This is the 63rd Indianapolis 500, run on May 27, 1979.
NOTE: While I use the host segments for the Indy 500: The Classics airing of the highlight film, this is, in fact, a combined version between the SpeedVision version and ESPN's Legends of the Brickyard series. Thus virtually the entire film is presented in one upload.

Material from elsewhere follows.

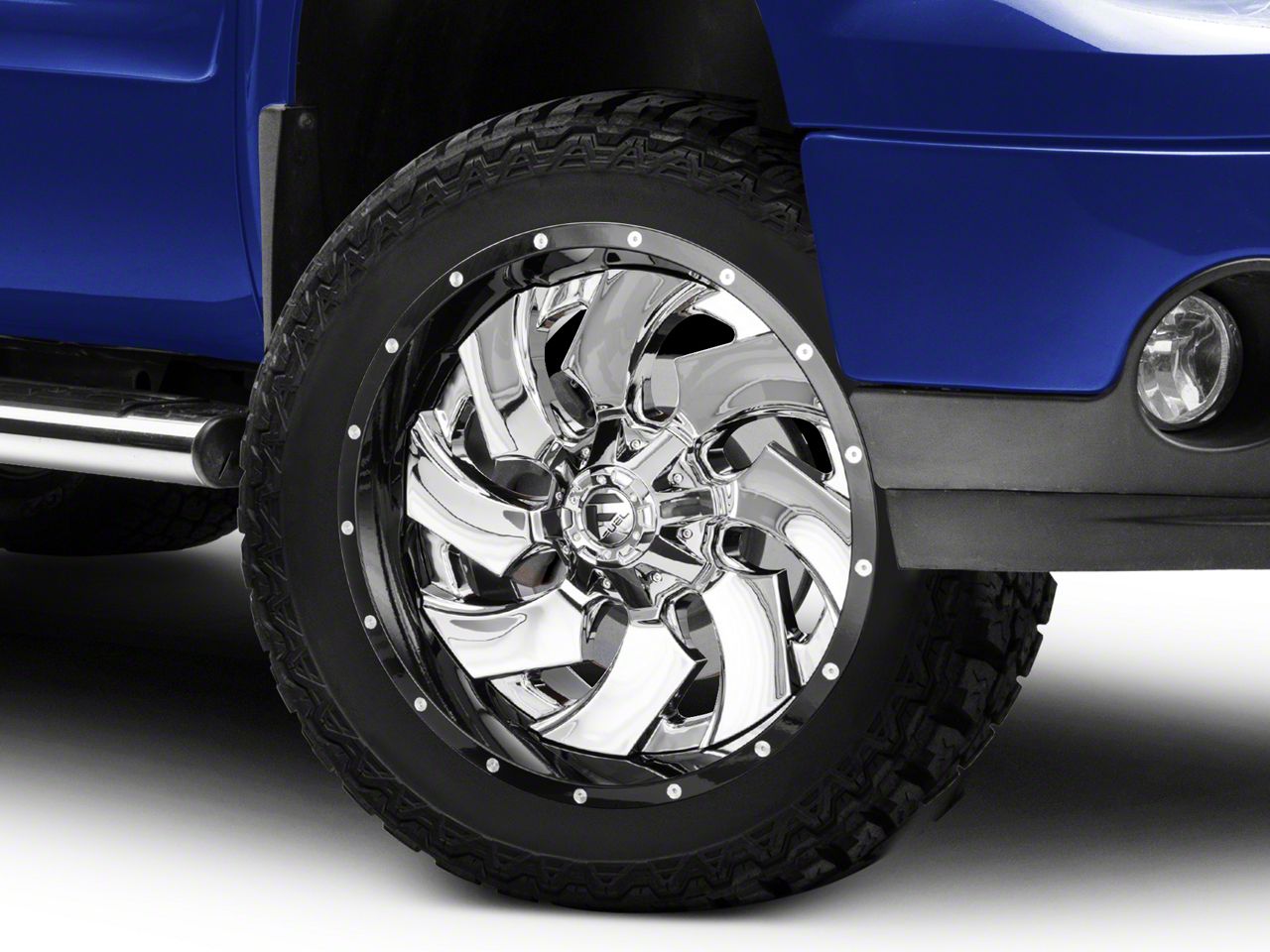 AmericanTrucks no longer carries the Fuel Wheels Cleaver Chrome with Gloss Black 6-Lug Wheel; 22x10; -13mm Offset (07-13 Sierra 1500). Please check out 1999-2006 GMC Sierra Wheels & Tires for an updated selection.

1979 was a year of change in sports, and Indycar racing was certainly no exception. However, the change in IndyCar racing that took place in 1979 was, to say the least, acrimonial. That year, a group of car owners, including Roger Penske, Pat Patrick, and Dan Gurney, formed Championship auto Racing Teams, or CART. And when the Indianapolis Motor Speedway opened in 1979, the CART teams were initially denied entry into the Indianapolis 500, launching court battles and a year of controversy. In addition to that, USAC, which sanctioned the Indianapolis 500, lowered the maximum amount of turbocharger boost pressure, and the controversy that ensued over that resulted in an extra qualifying day and a 35-car field. There was also controversy regarding whether Danny Ongais would be allowed to drive in the race following a practice crash, and the controversies even spread into the race itself, when a scoring snafu following the first series of pit stops resulted in Mike Mosley's Dan Gurney-prepared car not being credited with a lap it completed, something that wasn't discovered until well after the race ended.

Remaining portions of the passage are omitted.